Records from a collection
####################

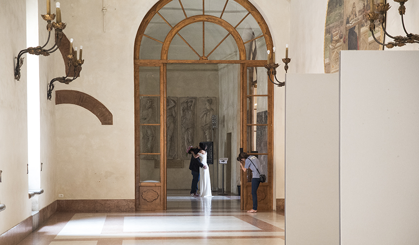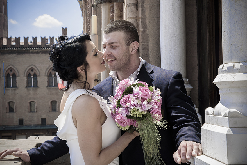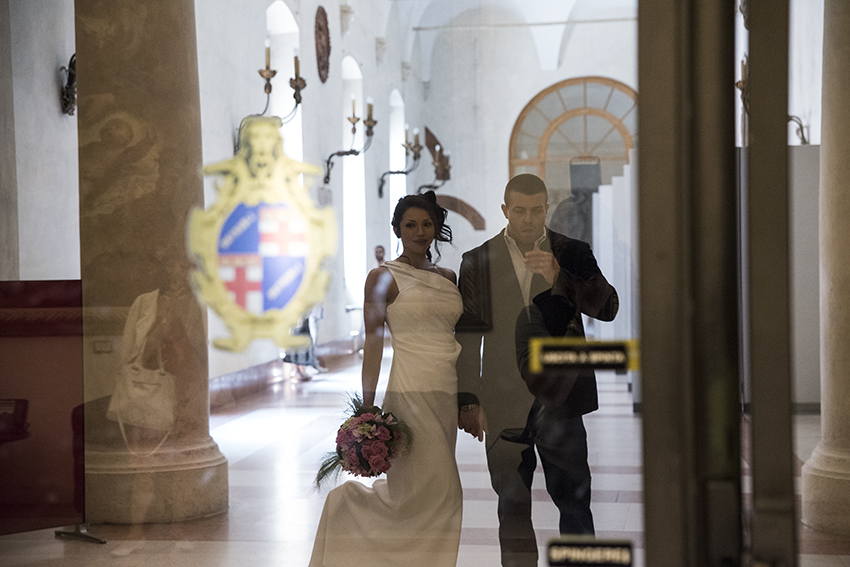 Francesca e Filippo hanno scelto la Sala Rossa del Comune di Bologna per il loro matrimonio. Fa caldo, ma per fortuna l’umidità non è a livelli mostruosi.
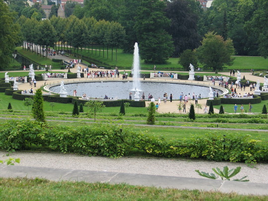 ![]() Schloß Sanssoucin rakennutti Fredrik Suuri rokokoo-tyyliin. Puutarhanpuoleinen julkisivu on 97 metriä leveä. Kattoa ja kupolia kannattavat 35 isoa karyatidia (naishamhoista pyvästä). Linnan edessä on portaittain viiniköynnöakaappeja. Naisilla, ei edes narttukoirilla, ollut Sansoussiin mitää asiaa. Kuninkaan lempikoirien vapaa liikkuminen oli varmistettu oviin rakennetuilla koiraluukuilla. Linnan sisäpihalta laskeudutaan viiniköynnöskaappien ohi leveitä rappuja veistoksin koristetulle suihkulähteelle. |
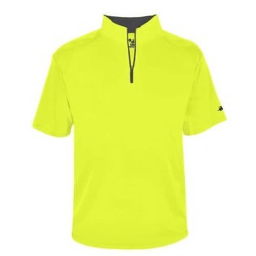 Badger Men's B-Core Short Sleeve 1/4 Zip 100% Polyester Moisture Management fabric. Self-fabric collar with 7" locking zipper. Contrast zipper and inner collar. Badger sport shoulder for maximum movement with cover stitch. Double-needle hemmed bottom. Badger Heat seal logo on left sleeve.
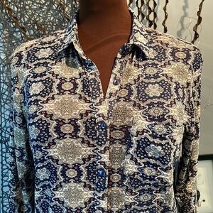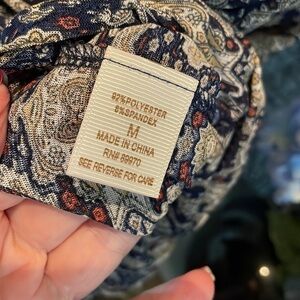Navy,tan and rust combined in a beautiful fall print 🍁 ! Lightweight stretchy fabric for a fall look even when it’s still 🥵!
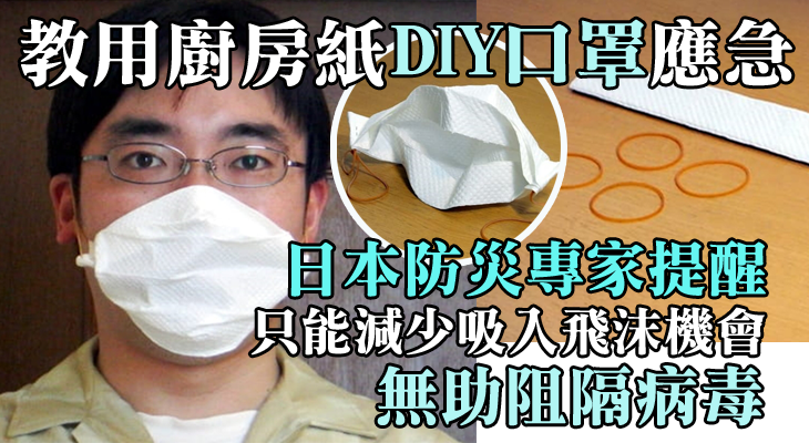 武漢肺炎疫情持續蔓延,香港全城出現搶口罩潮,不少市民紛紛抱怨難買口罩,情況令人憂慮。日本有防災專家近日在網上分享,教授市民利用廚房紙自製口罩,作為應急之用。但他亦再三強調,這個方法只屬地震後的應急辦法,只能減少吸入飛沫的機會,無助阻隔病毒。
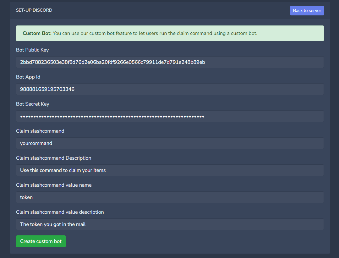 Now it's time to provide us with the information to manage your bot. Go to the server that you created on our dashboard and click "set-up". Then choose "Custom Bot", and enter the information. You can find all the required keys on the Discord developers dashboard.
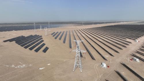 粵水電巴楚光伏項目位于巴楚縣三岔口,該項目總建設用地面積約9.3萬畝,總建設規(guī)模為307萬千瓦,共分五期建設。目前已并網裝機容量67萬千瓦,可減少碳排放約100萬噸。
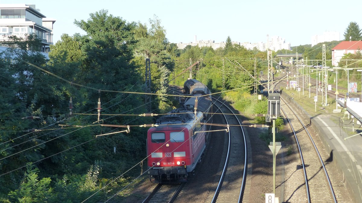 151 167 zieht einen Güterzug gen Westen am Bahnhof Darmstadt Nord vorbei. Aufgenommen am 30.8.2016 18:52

####################

_Work item_: Return the entries above exactly and in full; do not include images.

_Task response_:
 Francesca e Filippo hanno scelto la Sala Rossa del Comune di Bologna per il loro matrimonio. Fa caldo, ma per fortuna l’umidità non è a livelli mostruosi.
 ![]() Schloß Sanssoucin rakennutti Fredrik Suuri rokokoo-tyyliin. Puutarhanpuoleinen julkisivu on 97 metriä leveä. Kattoa ja kupolia kannattavat 35 isoa karyatidia (naishamhoista pyvästä). Linnan edessä on portaittain viiniköynnöakaappeja. Naisilla, ei edes narttukoirilla, ollut Sansoussiin mitää asiaa. Kuninkaan lempikoirien vapaa liikkuminen oli varmistettu oviin rakennetuilla koiraluukuilla. Linnan sisäpihalta laskeudutaan viiniköynnöskaappien ohi leveitä rappuja veistoksin koristetulle suihkulähteelle. |
 Badger Men's B-Core Short Sleeve 1/4 Zip 100% Polyester Moisture Management fabric. Self-fabric collar with 7" locking zipper. Contrast zipper and inner collar. Badger sport shoulder for maximum movement with cover stitch. Double-needle hemmed bottom. Badger Heat seal logo on left sleeve.
Navy,tan and rust combined in a beautiful fall print 🍁 ! Lightweight stretchy fabric for a fall look even when it’s still 🥵!
 武漢肺炎疫情持續蔓延,香港全城出現搶口罩潮,不少市民紛紛抱怨難買口罩,情況令人憂慮。日本有防災專家近日在網上分享,教授市民利用廚房紙自製口罩,作為應急之用。但他亦再三強調,這個方法只屬地震後的應急辦法,只能減少吸入飛沫的機會,無助阻隔病毒。
 Now it's time to provide us with the information to manage your bot. Go to the server that you created on our dashboard and click "set-up". Then choose "Custom Bot", and enter the information. You can find all the required keys on the Discord developers dashboard.
 粵水電巴楚光伏項目位于巴楚縣三岔口,該項目總建設用地面積約9.3萬畝,總建設規(guī)模為307萬千瓦,共分五期建設。目前已并網裝機容量67萬千瓦,可減少碳排放約100萬噸。
 151 167 zieht einen Güterzug gen Westen am Bahnhof Darmstadt Nord vorbei. Aufgenommen am 30.8.2016 18:52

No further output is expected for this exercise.